Table of Contents Author Guidelines Submit a Manuscript
Canadian Journal of Infectious Diseases and Medical Microbiology
Volume 16, Issue 6, Pages 335-341
http://dx.doi.org/10.1155/2005/679386
Original Article

The Role of The Cytomegalovirus Antigenemia Assay in the Detection and Prevention of Cytomegalovirus Syndrome and Disease in Solid Organ Transplant Recipients: A Review of the British Columbia Experience

Erica D Greanya,1,2 Nilufar Partovi,1,2 Eric M Yoshida,3,4 R Jean Shapiro,3,5 Robert D Levy,3,6 Chris H Sherlock,3,7 and Gwen M Stephens8

1Pharmaceutical Sciences Clinical Service Unit, Vancouver General Hospital, Vancouver, British Columbia, Canada
2Faculty of Pharmaceutical Sciences, University of British Columbia, Vancouver, British Columbia, Canada
3Faculty of Medicine, University of British Columbia, Vancouver, British Columbia, Canada
4Liver Transplant Program, British Columbia Transplant Society, Vancouver, British Columbia, Canada
55Renal Transplant Program, British Columbia Transplant Society, Vancouver, British Columbia, Canada
6Lung Transplant Program, British Columbia Transplant Society, Vancouver, British Columbia, Canada
7Virology, British Columbia Transplant Society, Vancouver, British Columbia, Canada
8British Columbia Centre for Disease Control, Vancouver, British Columbia, Canada

Copyright © 2005 Hindawi Publishing Corporation. This is an open access article distributed under the Creative Commons Attribution License, which permits unrestricted use, distribution, and reproduction in any medium, provided the original work is properly cited.

Abstract

BACKGROUND: The pp65 cytomegalovirus (CMV) antigenemia assay has been used as a means of guiding the pre-emptive therapy of CMV disease in solid organ transplant (SOT) recipients. Recently, concerns have been raised regarding the utility of the test to accurately and precisely detect viral activity early enough to reduce the morbidity and mortality associated with CMV.

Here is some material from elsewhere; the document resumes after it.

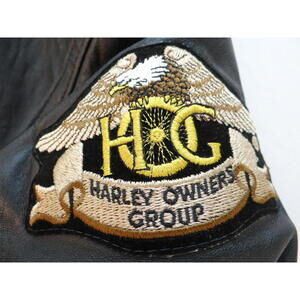 Women's leather jacket featuring embroidered patches and detailed stitching.
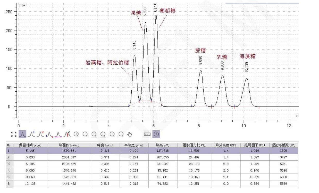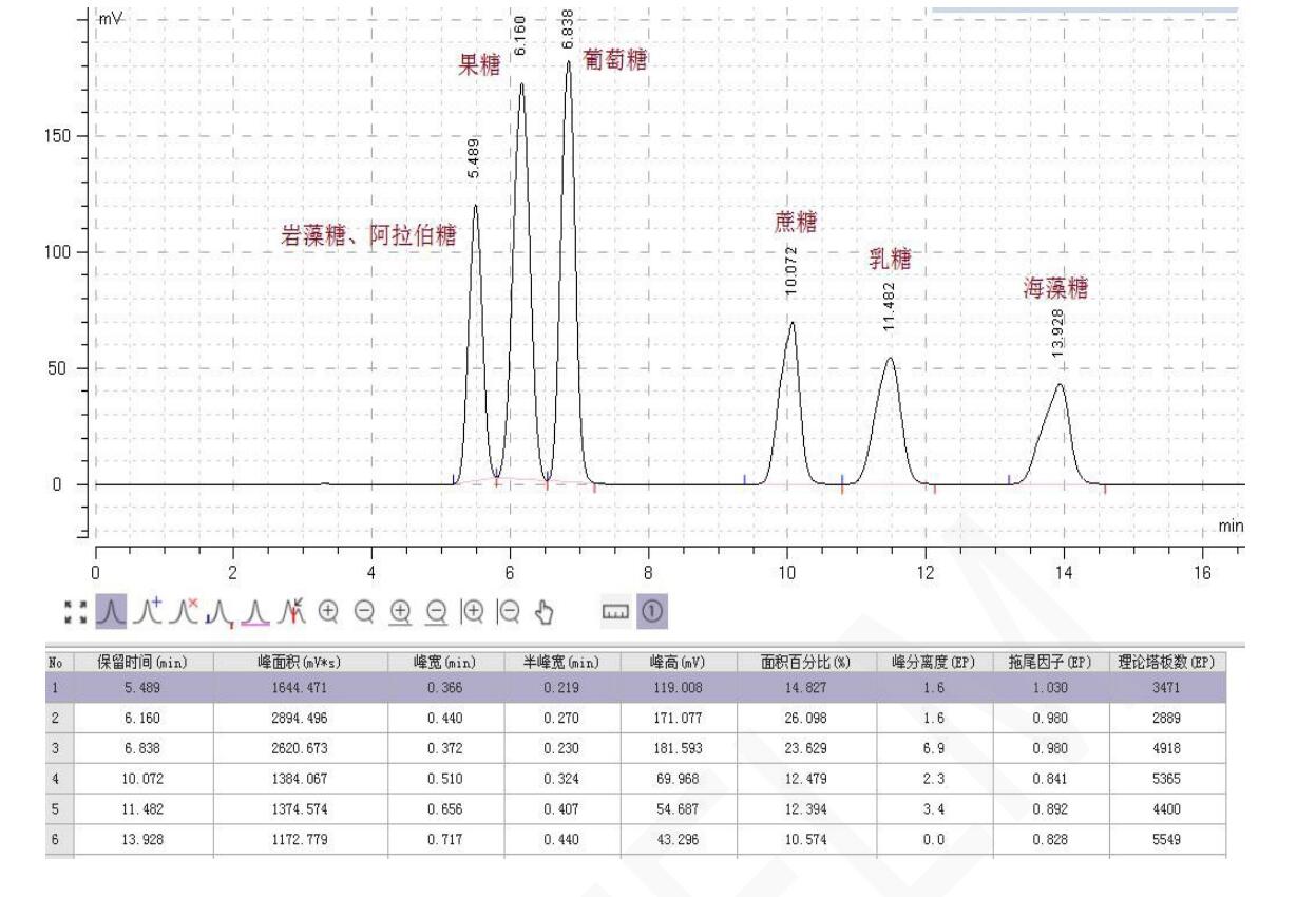 方法說明:利用Comixsil HCS 對糖類化合物進行保留并分離,上述兩個條件中,使用者可根據(jù)需求進行調整,延長保留時間可以增加分離度,但同時峰型也會發(fā)生變化,需自行評估。

OBJECTIVE: To determine the performance characteristics of the method of antigenemia testing of SOT recipients used at Vancouver General Hospital, Vancouver, British Columbia.

METHODS: All SOT recipients between January 1, 1999, and June 30, 2000, were retrospectively reviewed for six months following transplantation. Physical examination results, laboratory parameters, antigenemia results and treatment information were reviewed.

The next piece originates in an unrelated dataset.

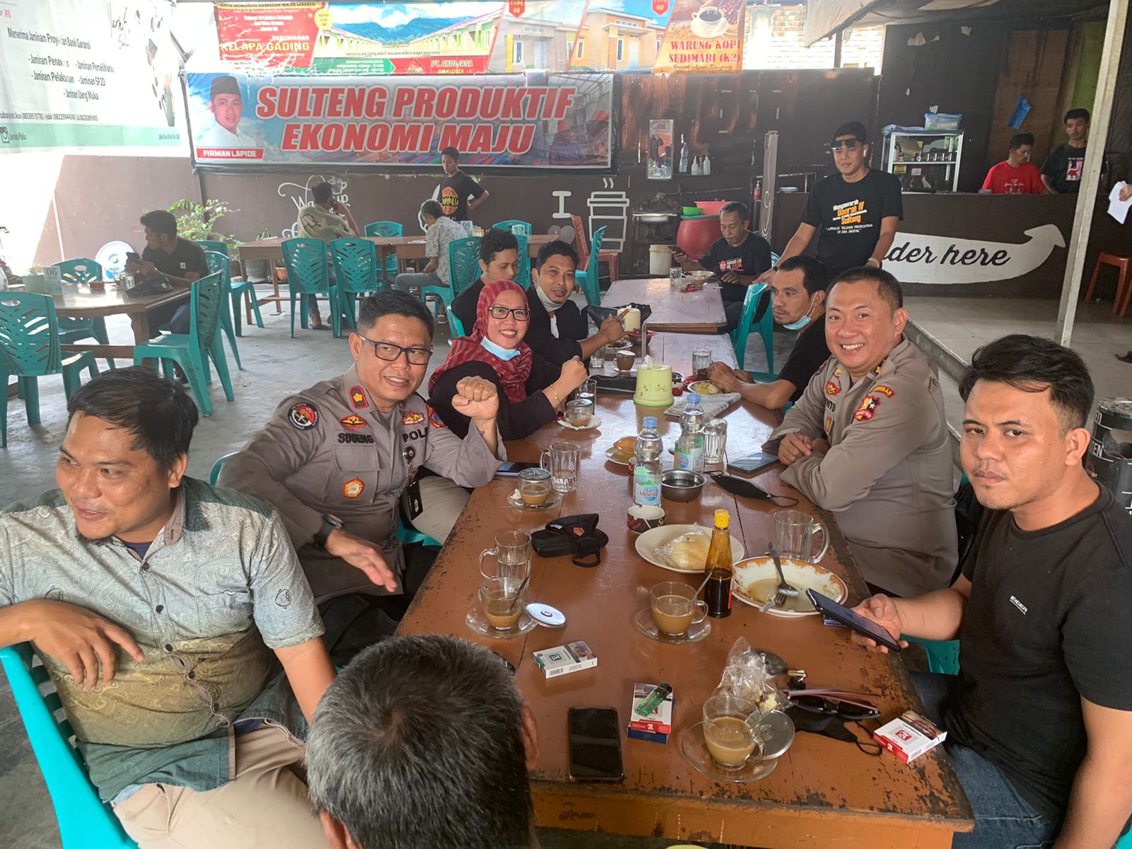 Coffe Morning diselenggarakan di salah satu Warung Kopi (Warkop) Jalan Masjid Raya Kota Palu, sebagai wujud kemitraan Satgas Humas dengan para awak media, khususnya jurnalis televisi, Selasa (7/12/2021).

RESULTS: A total of 134 kidney, liver, lung and kidney-pancreas transplant recipients were included in the analysis. The overall performance characteristics of the antigenemia assay in predicting CMV disease included a sensitivity of 64%, a specificity of 81%, a positive predictive value of 76% and a negative predictive value of 71%. A mean of 18 days passed between the onset of signs and symptoms of CMV disease/syndrome and the first recorded positive antigenemia result, and only 26% of patients had a positive test result before the onset of symptoms. It was found that an antigenemia test breakpoint of at least one positive cell for defining a positive test provided the most sensitive and specific prediction, with increased odds of developing CMV disease.

CONCLUSIONS: Based on performance characteristics, the Vancouver General Hospital's current method of antigenemia testing to guide pre-emptive ganciclovir therapy in SOT patients is not optimal for the early detection of disease. Further study is needed on new molecular testing methods to determine if our ability to predict CMV disease can be improved.